_Task data_

★ ★ ★

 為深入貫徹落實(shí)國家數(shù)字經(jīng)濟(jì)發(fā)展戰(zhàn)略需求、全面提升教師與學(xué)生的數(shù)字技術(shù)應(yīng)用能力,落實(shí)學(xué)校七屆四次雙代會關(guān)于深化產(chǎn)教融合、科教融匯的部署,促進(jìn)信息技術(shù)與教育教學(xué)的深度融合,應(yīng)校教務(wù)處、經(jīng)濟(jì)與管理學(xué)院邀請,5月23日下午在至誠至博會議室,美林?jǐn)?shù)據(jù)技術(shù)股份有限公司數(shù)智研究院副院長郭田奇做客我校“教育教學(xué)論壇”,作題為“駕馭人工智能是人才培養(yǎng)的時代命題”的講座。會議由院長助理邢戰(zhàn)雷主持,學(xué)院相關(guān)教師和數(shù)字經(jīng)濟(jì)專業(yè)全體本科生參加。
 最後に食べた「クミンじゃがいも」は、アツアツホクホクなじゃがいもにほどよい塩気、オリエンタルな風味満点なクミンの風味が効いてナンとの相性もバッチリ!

★ ★ ★

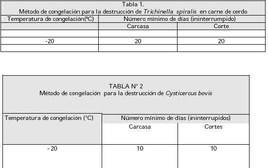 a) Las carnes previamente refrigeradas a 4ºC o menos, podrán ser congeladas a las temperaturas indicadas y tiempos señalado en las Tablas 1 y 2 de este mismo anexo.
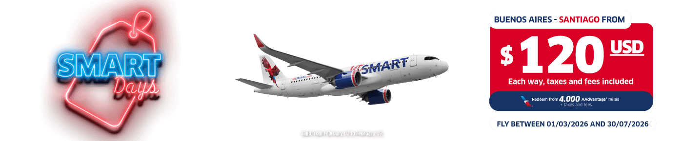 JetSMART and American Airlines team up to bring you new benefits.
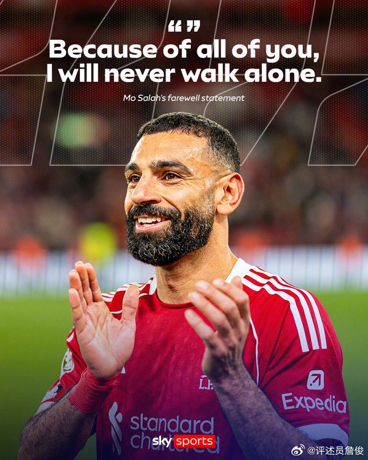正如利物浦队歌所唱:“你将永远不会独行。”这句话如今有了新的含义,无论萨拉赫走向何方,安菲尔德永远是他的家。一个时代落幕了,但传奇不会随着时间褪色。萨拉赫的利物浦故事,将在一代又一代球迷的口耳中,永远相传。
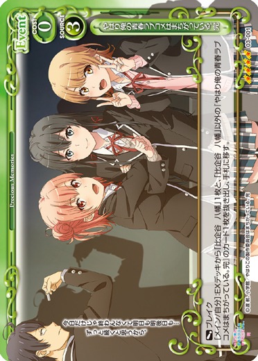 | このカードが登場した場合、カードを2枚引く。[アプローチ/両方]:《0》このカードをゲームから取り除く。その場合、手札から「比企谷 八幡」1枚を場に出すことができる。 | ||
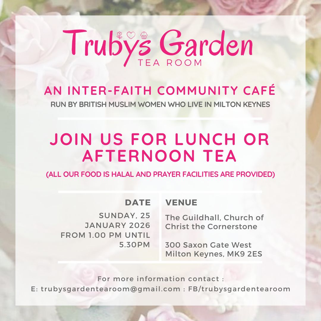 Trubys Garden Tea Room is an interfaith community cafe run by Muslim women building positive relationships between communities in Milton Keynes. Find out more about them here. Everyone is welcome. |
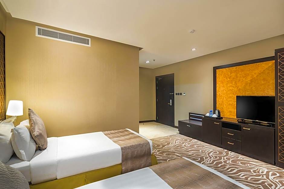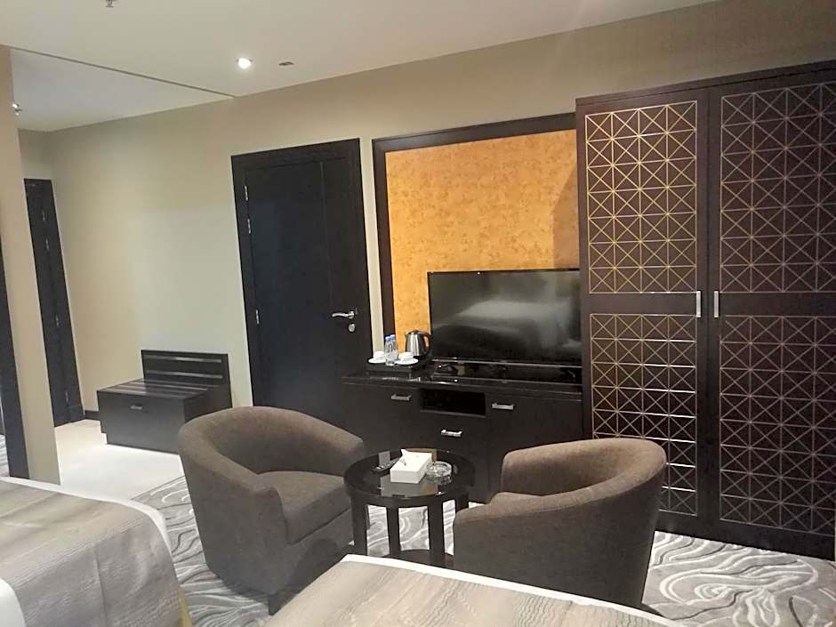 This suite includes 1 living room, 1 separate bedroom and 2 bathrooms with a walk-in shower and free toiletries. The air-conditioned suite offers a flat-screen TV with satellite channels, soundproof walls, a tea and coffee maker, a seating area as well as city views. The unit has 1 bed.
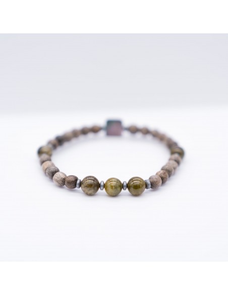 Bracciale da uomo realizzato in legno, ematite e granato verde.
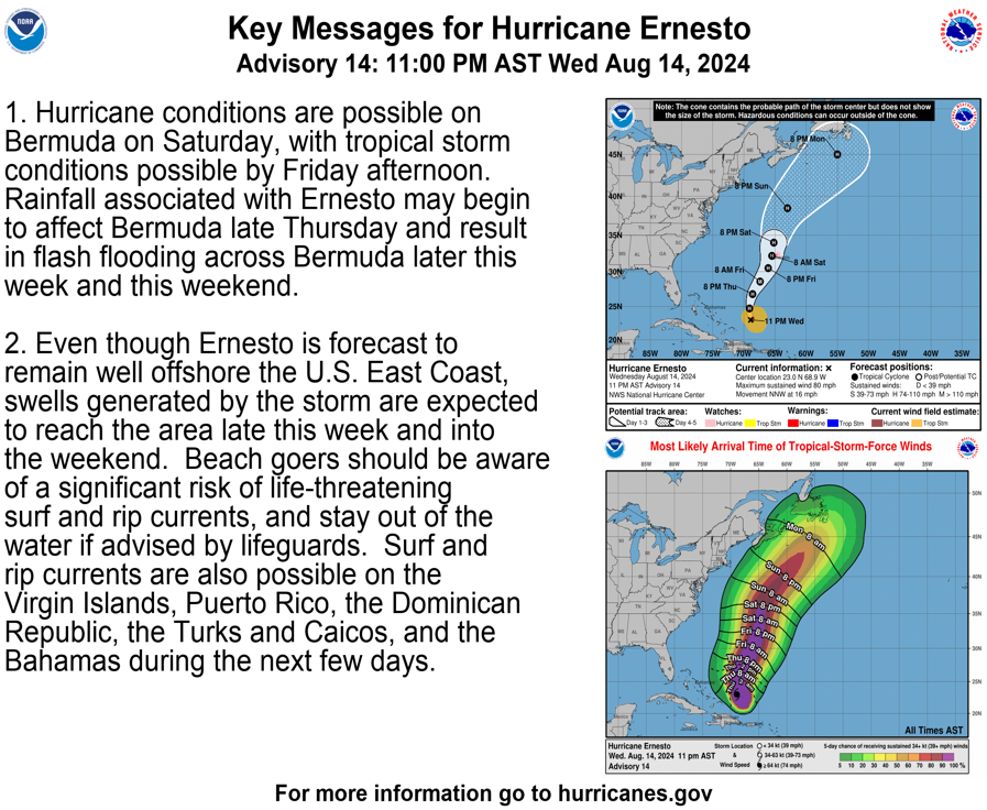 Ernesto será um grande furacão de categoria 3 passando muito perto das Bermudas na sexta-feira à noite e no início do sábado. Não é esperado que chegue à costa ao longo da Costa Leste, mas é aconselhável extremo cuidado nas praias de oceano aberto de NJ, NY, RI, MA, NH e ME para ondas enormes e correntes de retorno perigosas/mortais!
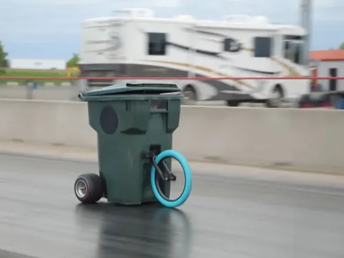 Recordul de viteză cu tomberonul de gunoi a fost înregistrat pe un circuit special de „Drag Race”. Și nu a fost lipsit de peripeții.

★ ★ ★

_Exercise prompt_
Range to print from the listing above: from the line with "Trubys Garden Tea" up to and including the line with "Recordul de viteză". Please print those lines exactly, with no pictures and nothing more.

_Exercise response_
 Trubys Garden Tea Room is an interfaith community cafe run by Muslim women building positive relationships between communities in Milton Keynes. Find out more about them here. Everyone is welcome. |
 This suite includes 1 living room, 1 separate bedroom and 2 bathrooms with a walk-in shower and free toiletries. The air-conditioned suite offers a flat-screen TV with satellite channels, soundproof walls, a tea and coffee maker, a seating area as well as city views. The unit has 1 bed.
 Bracciale da uomo realizzato in legno, ematite e granato verde.
 Ernesto será um grande furacão de categoria 3 passando muito perto das Bermudas na sexta-feira à noite e no início do sábado. Não é esperado que chegue à costa ao longo da Costa Leste, mas é aconselhável extremo cuidado nas praias de oceano aberto de NJ, NY, RI, MA, NH e ME para ondas enormes e correntes de retorno perigosas/mortais!
 Recordul de viteză cu tomberonul de gunoi a fost înregistrat pe un circuit special de „Drag Race”. Și nu a fost lipsit de peripeții.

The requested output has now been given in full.